#### INFORMATION SHOWN:
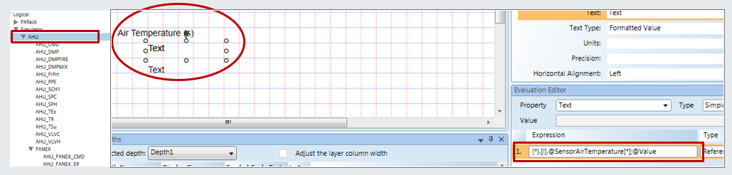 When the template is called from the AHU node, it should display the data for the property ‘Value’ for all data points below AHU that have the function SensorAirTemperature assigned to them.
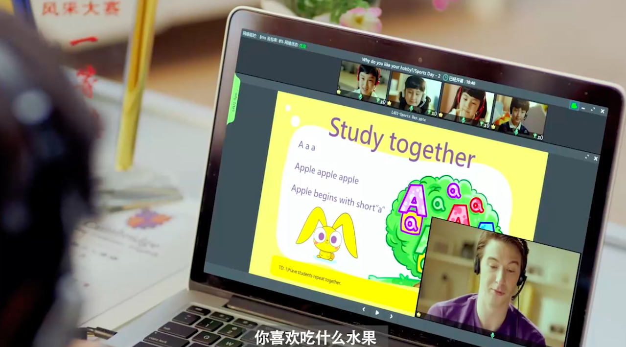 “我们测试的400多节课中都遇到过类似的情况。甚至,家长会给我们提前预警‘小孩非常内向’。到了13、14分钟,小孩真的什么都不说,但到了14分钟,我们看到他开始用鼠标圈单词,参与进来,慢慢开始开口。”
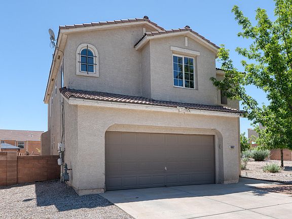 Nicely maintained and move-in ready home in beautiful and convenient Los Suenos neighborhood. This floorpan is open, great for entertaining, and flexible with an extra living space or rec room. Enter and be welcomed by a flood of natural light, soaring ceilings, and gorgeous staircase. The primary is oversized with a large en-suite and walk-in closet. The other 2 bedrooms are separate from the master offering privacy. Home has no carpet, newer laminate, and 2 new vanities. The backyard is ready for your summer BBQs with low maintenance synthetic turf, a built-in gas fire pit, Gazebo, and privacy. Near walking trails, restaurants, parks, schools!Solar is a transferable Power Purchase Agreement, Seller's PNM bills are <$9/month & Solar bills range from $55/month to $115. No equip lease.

#### YOUR TASK:
Please repeat all of the data exactly, excluding images.

#### OUTPUT FOR THIS TASK:
 When the template is called from the AHU node, it should display the data for the property ‘Value’ for all data points below AHU that have the function SensorAirTemperature assigned to them.
 “我们测试的400多节课中都遇到过类似的情况。甚至,家长会给我们提前预警‘小孩非常内向’。到了13、14分钟,小孩真的什么都不说,但到了14分钟,我们看到他开始用鼠标圈单词,参与进来,慢慢开始开口。”
 Nicely maintained and move-in ready home in beautiful and convenient Los Suenos neighborhood. This floorpan is open, great for entertaining, and flexible with an extra living space or rec room. Enter and be welcomed by a flood of natural light, soaring ceilings, and gorgeous staircase. The primary is oversized with a large en-suite and walk-in closet. The other 2 bedrooms are separate from the master offering privacy. Home has no carpet, newer laminate, and 2 new vanities. The backyard is ready for your summer BBQs with low maintenance synthetic turf, a built-in gas fire pit, Gazebo, and privacy. Near walking trails, restaurants, parks, schools!Solar is a transferable Power Purchase Agreement, Seller's PNM bills are <$9/month & Solar bills range from $55/month to $115. No equip lease.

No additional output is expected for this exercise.